Chegando a Cananor em dezembro de 1508, Albuquerque revelou suas ordens lacradas que o nomeavam governador, mas o vice-rei Almeida recusou-se a ceder, citando seu próprio mandato e o desejo de vingar a morte de seu filho. Albuquerque evitou uma guerra civil e mudou-se para Cochim para aguardar instruções. Mais tarde, liderou a conquista de Goa em 1510 e a captura de Malaca em 1511. Em seus últimos cinco anos, dedicou-se à administração, supervisionando expedições que estabeleceram contatos diplomáticos com o Reino de Aiutaia, Pegu, Timor, as Molucas e abriram caminho para o comércio com a China Ming, além de estabelecer laços com a Etiópia e a Pérsia Safávida.
Reader's Guide
A importância de Afonso de Albuquerque reside em seu papel como arquiteto do império português na Ásia. Suas campanhas militares — conquistando Goa e Malaca, atacando o Golfo Pérsico e liderando a primeira frota europeia no Mar Vermelho — garantiram rotas comerciais importantes e transformaram o Oceano Índico em um mare clausum português. Sua estratégia de fechar as passagens navais para o Atlântico, Mar Vermelho, Golfo Pérsico e Pacífico permitiu que Portugal se tornasse o primeiro império global.
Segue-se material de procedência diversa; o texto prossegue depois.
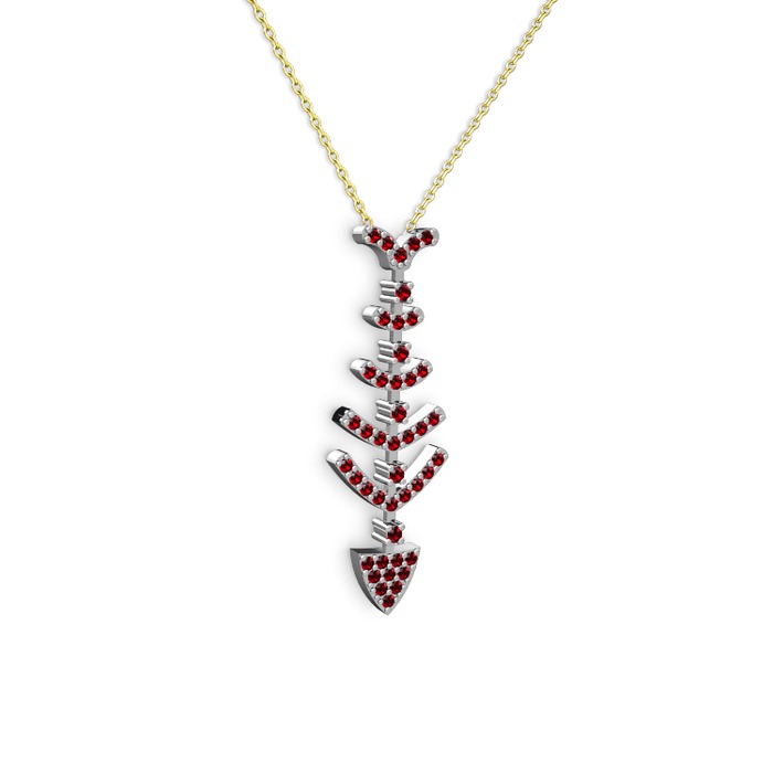 Garnet 14 ayar beyaz altın kolye (40 cm altın rolo zincir)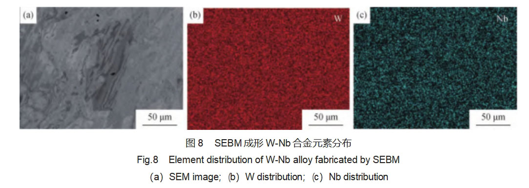 图8为W-Nb合金内部元素分布情况,因为忽略二种元素之间的相互扩散作用,合金中并未生成富铌第二相。表1为粉末原料和粉床电子束增材制造W-Nb合金的化学成份,可以看出,成形后样品的O,Nb元素的含量略有降低,主要是由于纳米铌粉吸附了一定的氧,在粉床电子束成形的高温环境下少量的吸附氧被去除,同时,Nb元素在高温熔池内部有少量的挥发。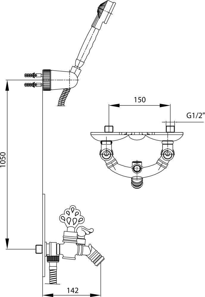 Смеситель E.C.A. Ottaman 102202001EX для ванны с душевым гарнитуром

Como vice-rei de 1509 a 1515, não apenas expandiu o território, mas também estabeleceu redes diplomáticas e comerciais por toda a Ásia, do Reino de Aiutaia à China Ming, e com a Etiópia e a Pérsia Safávida. Suas ações administrativas foram cruciais para a longevidade do Império Português. Epítetos como 'o Terrível', 'o Grande', 'o Leão dos Mares', 'o Marte Português' e 'o César do Oriente' refletem sua formidável reputação.
Did You Know?
- Albuquerque foi o primeiro europeu do Renascimento a atacar o Golfo Pérsico e liderou a primeira frota europeia no Mar Vermelho.
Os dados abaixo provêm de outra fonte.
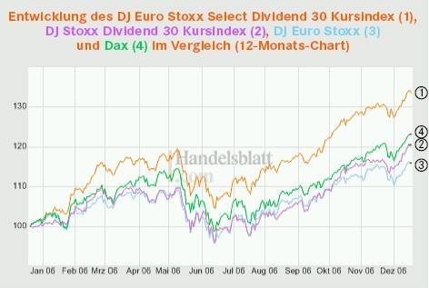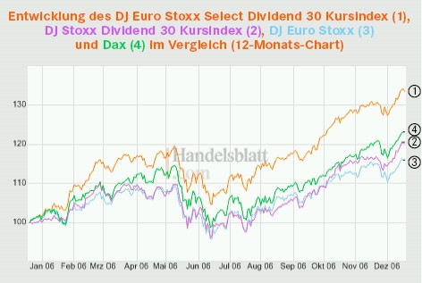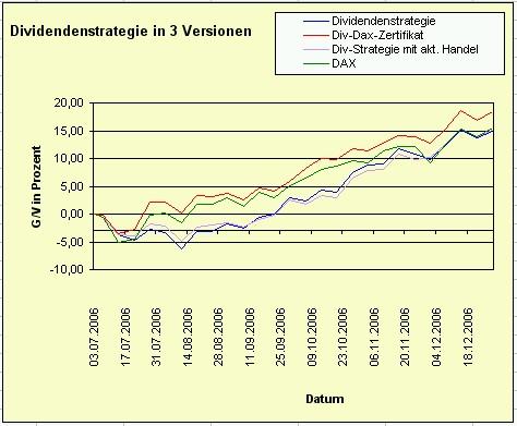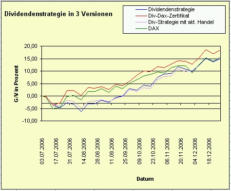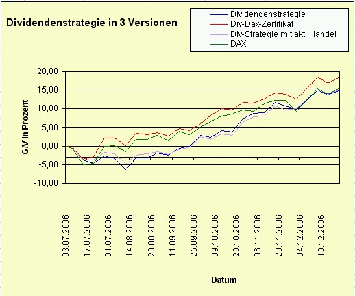 Onassis Januar 7, 2007 Auch hier ist es leider so, das die Daten von Quickbörse komplett hinüber sind. Ich werde den Versuch einstellen und ebenfalls ein kurzes Fazit ziehen, soweit es bei diesem geringen Zeitraum überhaupt möglich ist. 1. das DivDAX-Zertifikat lag immer an erster Stelle. 2. Das DivDAX-Zertifikat hat auch immer den DAX outperformed 3. Kosten: das DivDAX-Depot hat durch den einmaligen Kauf die geringsten Kosten verursacht. Es folgten die Dividendenstrategie (Kauf von 5 Papieren) und dann mit großem Abstand die Strategie "Dividenden-Strategie mit aktivem Handel". 4. Einfachheit. Ein Kauf vom Div-DAX Zertifiakt entbindet mich komplett von der Überwachung, welche Aktien ins Depot gehören. Denn der DivDAX-Index wird automatisch alle 3 Monate an die besten Aktien angepasst. Zusammenfassen kann ich sagen: Diejenigen, die nach der Dividendenstrategie auf den DAX handeln wollen, sind definitiv am Besten mit dem DivDAX-Zertifikat bedient. Es gibt nur Vorteile! Zu empfehlen ist das DivDAX Zertifikat der Commerzbank, WKN: CB5259 Falls jemand selbst Div-DAX-Zertifikate raussucht, muss er drauf achten, das sie auf den Performance-Index gerechnet werden und nicht auf den Kursindex. Onassis Diesen Beitrag teilen Link zum Beitrag

- Foi nomeado chefe da 'frota do mar da Arábia e da Pérsia' em 1506.
- Legitimou seu filho Brás, nascido de uma mulher portuguesa comum chamada Joana Vicente, antes de partir para sua segunda expedição em 1506.
- Diz-se que o xá Ismail I da Pérsia Safávida foi o primeiro a tratar Albuquerque por 'Leão dos mares'.